Dr. Sheen had been a neurointensivist for five years, which meant she had seen it all—brain bleeds, strokes, and the occasional patient who mistook their IV pole for a microphone stand during sedation. But nothing could have prepared her for this one particularly absurd night in the ICU.
It started at 7:00 p.m. when she walked into the unit, coffee in hand, mentally preparing for another 12-hour shift. As soon as she stepped inside, her nurse, Jake, approached her with a look of sheer panic.
"Dr. Sheen, Room 4 is trying to escape!"
"Escape? Who is it? The guy with the craniotomy or the one on a ventilator?"
"The craniotomy guy."
She sighed, set her coffee down, and ran to Room 4, where she found Mr. Peters—who had just had brain surgery yesterday—standing on his bed, IV still attached, yelling, "I AM INVINCIBLE!"
"Mr. Peters, you are very much vincible. Please sit down before I have to surgically put your brain back in again," she said, hands on her hips.
Mr.

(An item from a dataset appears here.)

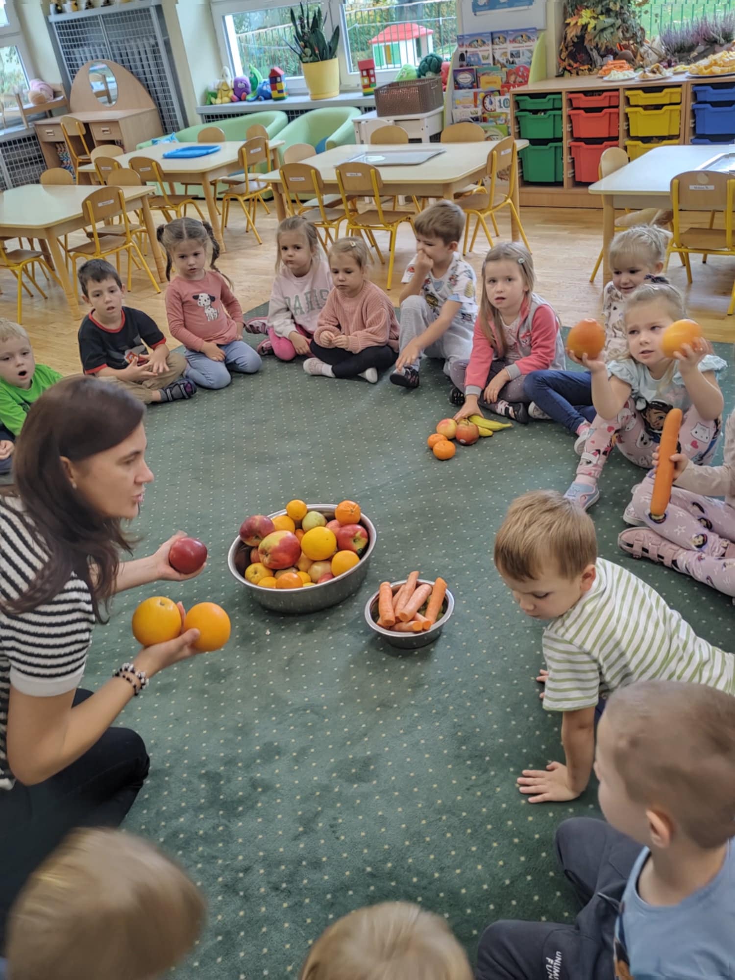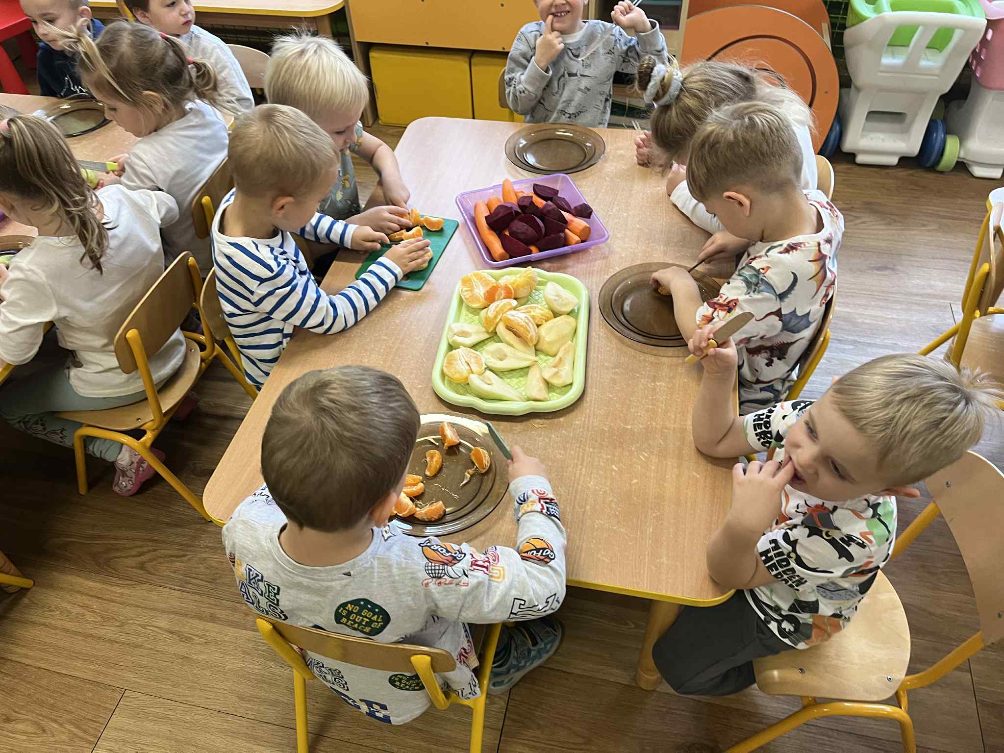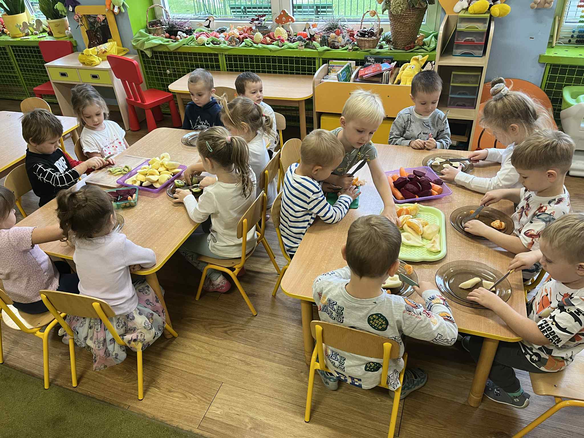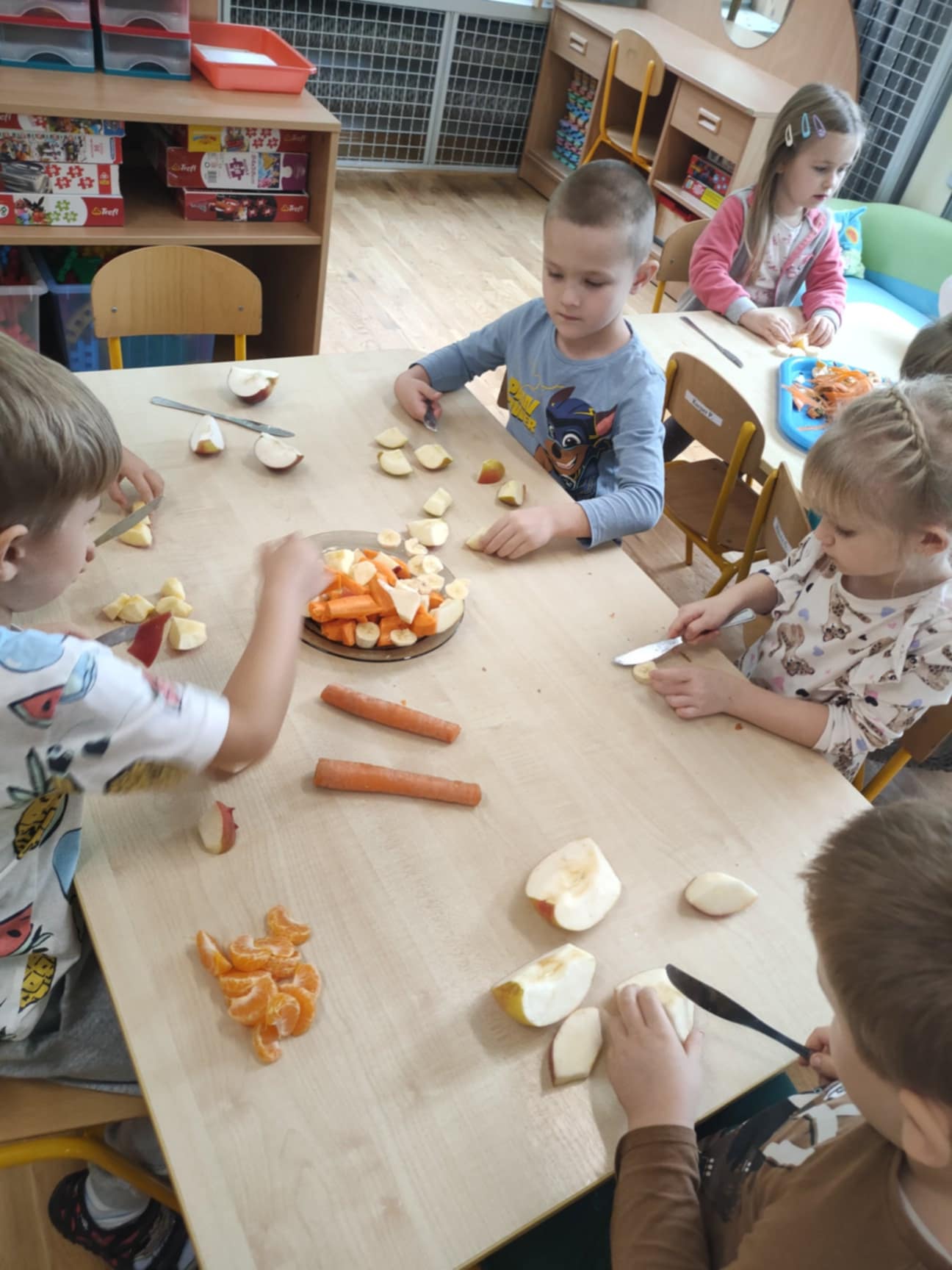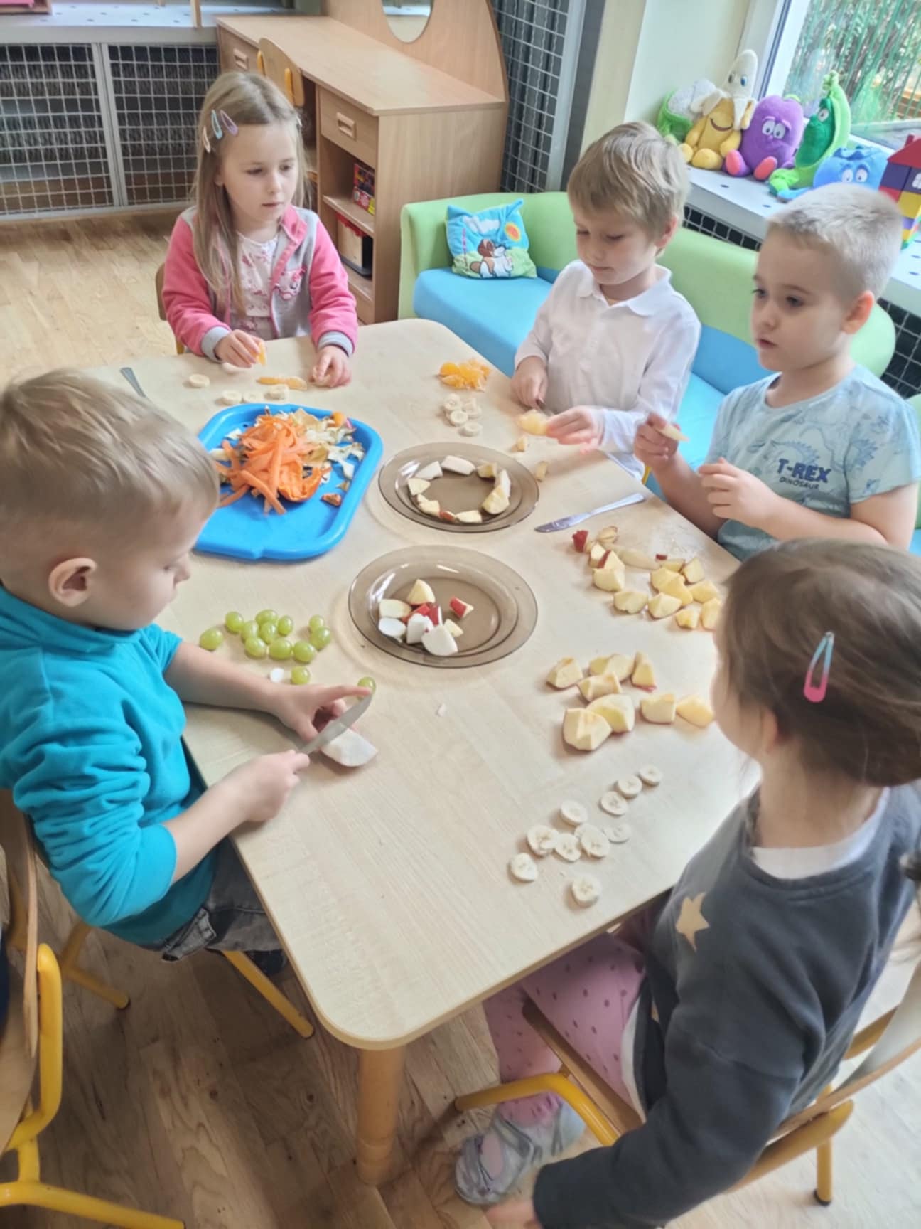 Dzieci samodzielnie kroiły owoce i wkładały do wyciskarki, próbując każdego smaku. Było pysznie!

Peters, as if considering this deeply, finally sat down. But not before attempting to fist-bump her.
She barely had time to process this before another nurse shouted, "Dr. Sheen! Room 7 is having a… situation."
"Situation?"
"Yeah, uh, the patient's spouse snuck in a parrot, and now it’s loose in the ICU."

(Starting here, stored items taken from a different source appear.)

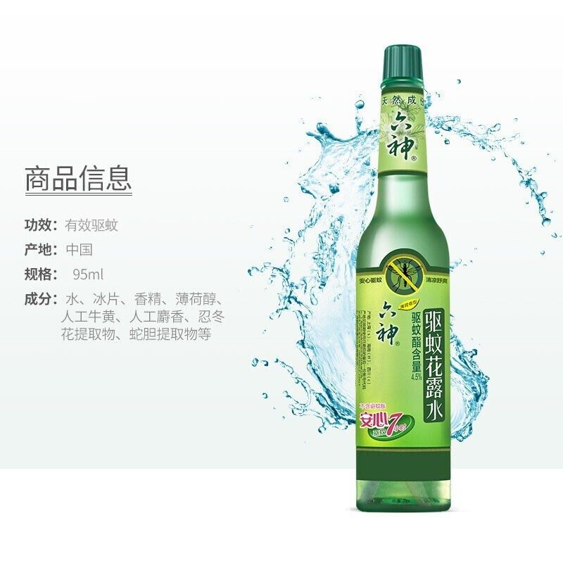 六神驱蚊花露水95ml小瓶薄荷香型清香经典老式玻璃瓶清凉舒爽驱蚊水户外防蚊水蚊不叮清凉露提神醒脑 1瓶 95ml/瓶 六神
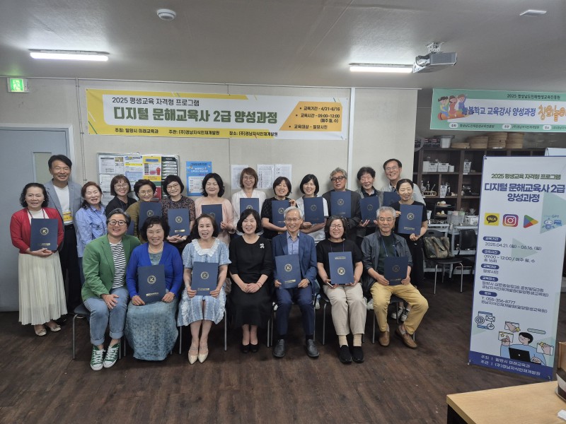 디지털 문해교육사 2급 양성과정 수료식 개최 및 요양원 봉사활동 진행 최근 '디지털 문해교육사 2급 양성과정' 수료식을 열고, 지역 주민 20여 명에게 수료증을 전달했다. 이번 교육은 고령층의 디지털 격차 해소를 돕기 위한 전문 인력 양성 프로그램으로, 수료자들은 향후 디지털…
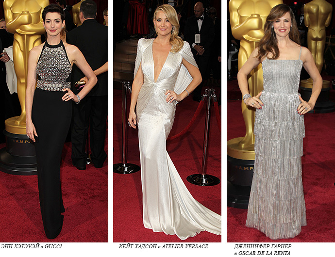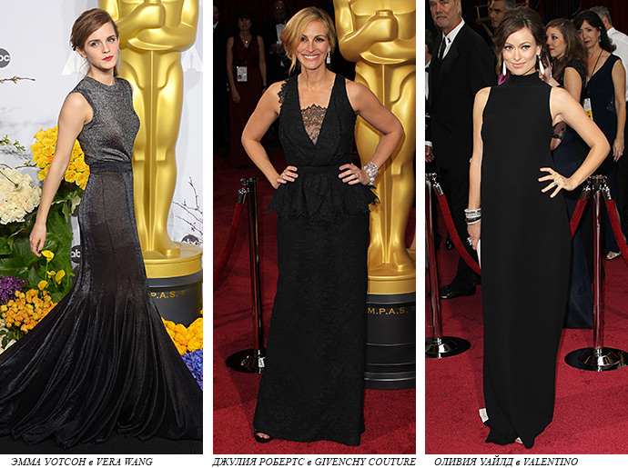 Джулия Робертс отдала предпочтение черному кружевному платью с баской от Givenchy Couture, дополненное украшениями Bvlgari. Сандра Буллок блистала в драпированном темно-синем платье от Alexander McQueen и украшениях от Lorraine Schwartz. Эми Адамс, которую уже окрестили женской версией Ди Каприо, также выбрала глубокий синий оттенок в исполнении Gucci Première и Tiffany & Co. Джессика Билл дополнила украшениямиTiffany & Co платье из весенней кутюрной коллекции Chanel.
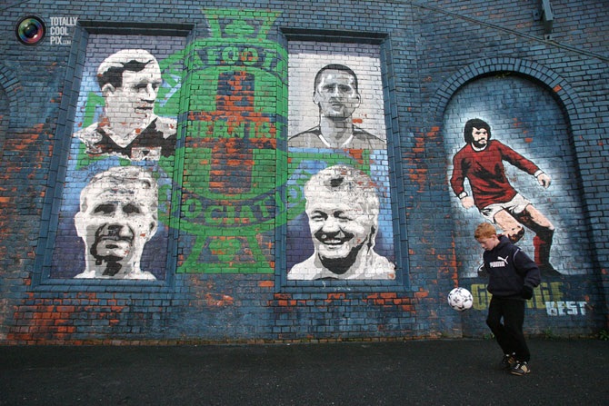 Болельщик «Северной Ирландии» Сэмюэль Стюарт играет возле стены в Белфасте.

Dr. Sheen blinked. "I'm sorry. A what?"
"A parrot. It's flying around, screaming ‘CODE BLUE’ at random intervals."
As if on cue, a green parrot swooped past, squawking, "CODE BLUE! CODE BLUE!"

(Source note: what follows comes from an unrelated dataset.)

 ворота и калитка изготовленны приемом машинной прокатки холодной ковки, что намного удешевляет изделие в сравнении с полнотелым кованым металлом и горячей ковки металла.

Every nurse and doctor in the unit instinctively turned toward the crash cart.
"False alarm, everyone!" Sheen called out. "That was the bird. I repeat, THE BIRD IS NOT A MEDICAL EMERGENCY."
The parrot landed on the IV pole next to her and glared at her with the intensity of a seasoned attending physician.
"Fine, I'll allow it," she muttered, walking away.
It was only 9:00 p.m.
By 11:00, she had managed to calm down the chaos. Mr. Peters was restrained (gently), the parrot had been relocated (temporarily), and she was finally getting a moment to review her patients' charts.
Then, the hospital phone went off.
CODE BROWN – ROOM 12
Sheen groaned. Code Brown. The most terrifying of all codes. She ran into Room 12, expecting the worst.
And she was right.
Mr. Sanchez, an 86-year-old man with the sweetest face but the gastrointestinal endurance of a war tank, had unleashed what could only be described as a Category 5 fecal hurricane. It was on the bed. The walls. The IV tubing. How? No one knew. The laws of physics had been defied.
She turned to the nurse beside her. "You have a garbage bag?"
"Yeah?"
"Good. Put it over my head. I’m moving to Alaska."
But she couldn’t. Because right at that moment, the parrot—now loose again—landed on her shoulder and screamed, "HOLD YOUR BREATH, SHEEN!"
And that is how Dr. Sheen spent her night in the ICU: dodging flying parrots, wrestling with brain surgery escape artists, and standing knee-deep in the aftermath of Mr. Sanchez’s gastrointestinal catastrophe.
By morning, as the sun rose and her shift ended, she sat in the break room, chugging coffee straight from the pot. The parrot, now somehow her emotional support animal, sat on her shoulder.
She exhaled deeply and muttered, "I should've gone into dermatology."
The parrot nodded sagely and replied, "YOU THINK?!"